This avenue of trees in the park near our house makes me think of walking back from school with our daughter in autumn, very slowly while she looked for conkers among the fallen leaves. And even further back than that, of walking with our first dog, in the days when I didn’t know that I would have a daughter or that she would go to the school in the park.
In these last days of life in Manchester I wonder how I will feel about the place once I don’t live here any more. I’ve spent so many years grumbling, never quite felt at home or at ease. And yet, it is here that I have had most of my ‘grown-up’ life, here that I became a step-parent and a parent and came to terms, of some sort, with my own troubled childhood. I have found good friends here, got to know whole families, watched my friends’ children and my child’s friends grow into young adults (some now with children of their own).

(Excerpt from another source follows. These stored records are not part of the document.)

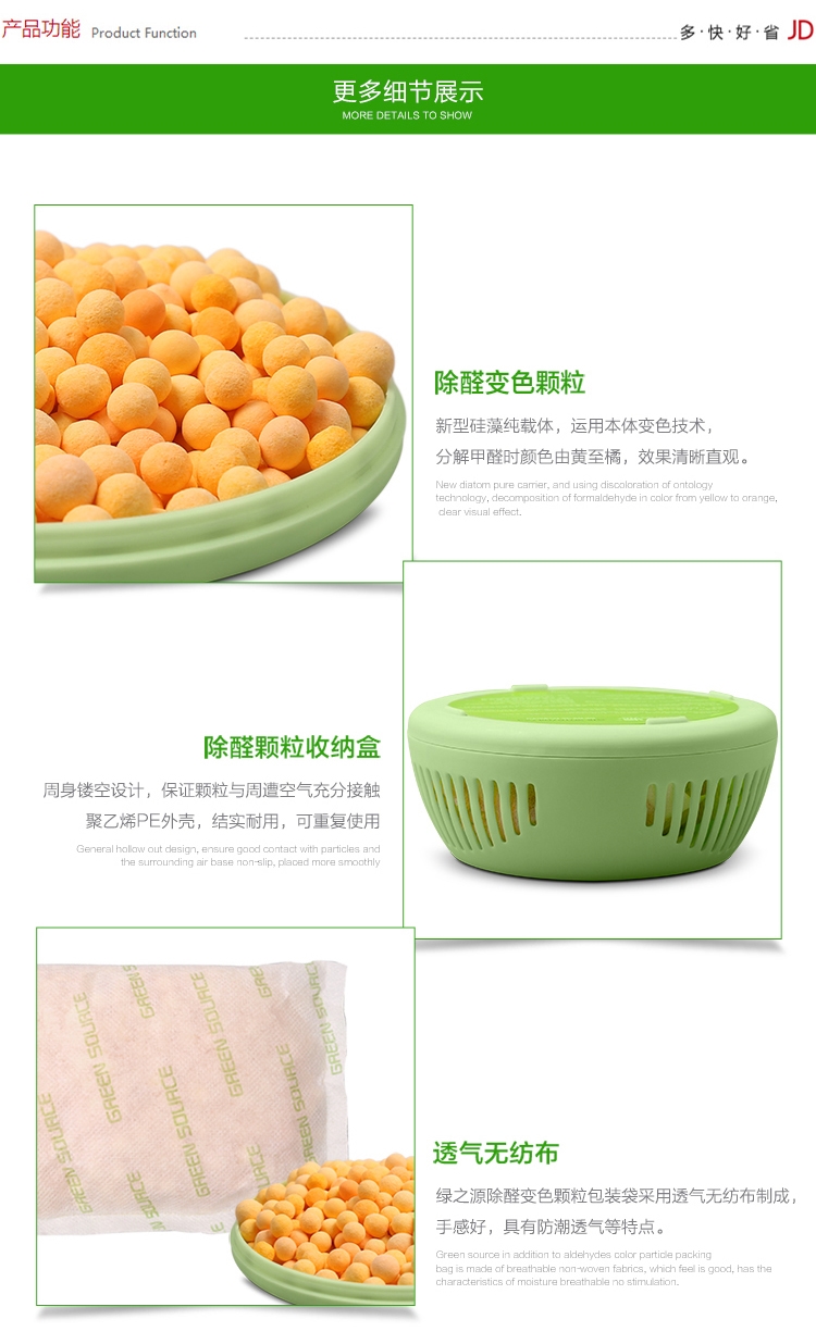 商品名称:绿之源 除醛变色颗粒 硅藻泥新房装修除甲醛清除剂汽车除味去甲醛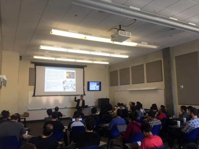 第五站是加州大学-默塞德分校UCMerced,访问团受到了机械工程皇冠足球赔率 MaYan-Bao教授和Sun Jian-Qiao院长及其他机械工程系教授的亲切会见。在座谈中,Sun教授逐一了解了每位博士生的研究领域,并对当前UCMerced机械工程皇冠足球赔率 的教学和科研等各个方面进行了详细的介绍。会谈结束后,齐宏教授受邀为UCMerced教师和研究生作了关于火焰温度非接触测量的专题报告。在提问环节,UCMerced师生就报告话题积极与齐宏教授探讨,讨论氛围激烈,学术气息浓郁。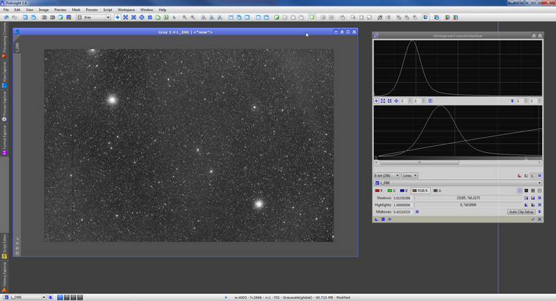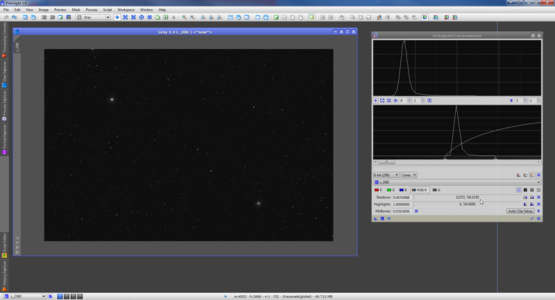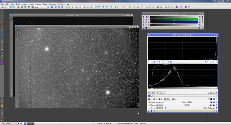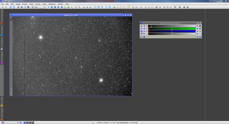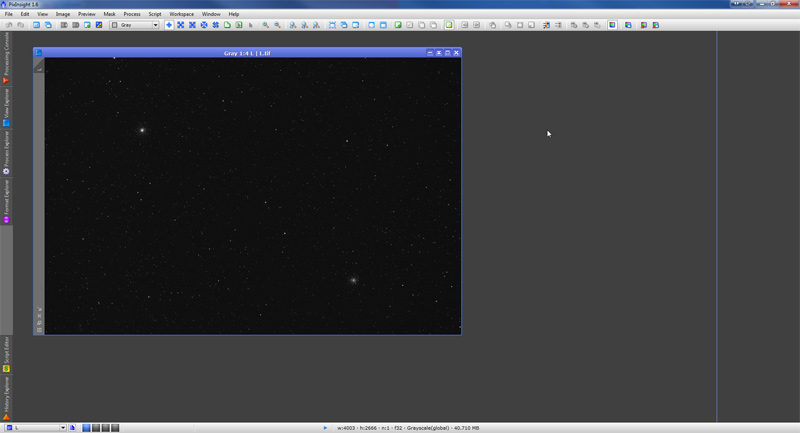 We skip the process of calibrating and registering the 7 subframes. This means we already have a “master” luminance file. We open it in PixInsight:

I conjure up the places where I have walked, where I have eaten, bought food, watched plays or heard music; and I see and hear the people who have been there with me.
So I ponder this paradox: that I don’t love this city, find little beauty or joy in its many faces, and yet so many places in it remind me of love.
It’s been grim these past few days: partner really ill with flu, me with cold and the packing an impossible task. At last it’s nearly done, with help from two brilliant cleaning/decorating women. Tomorrow, come what may, it all goes into the removal van; the morning after that we leave.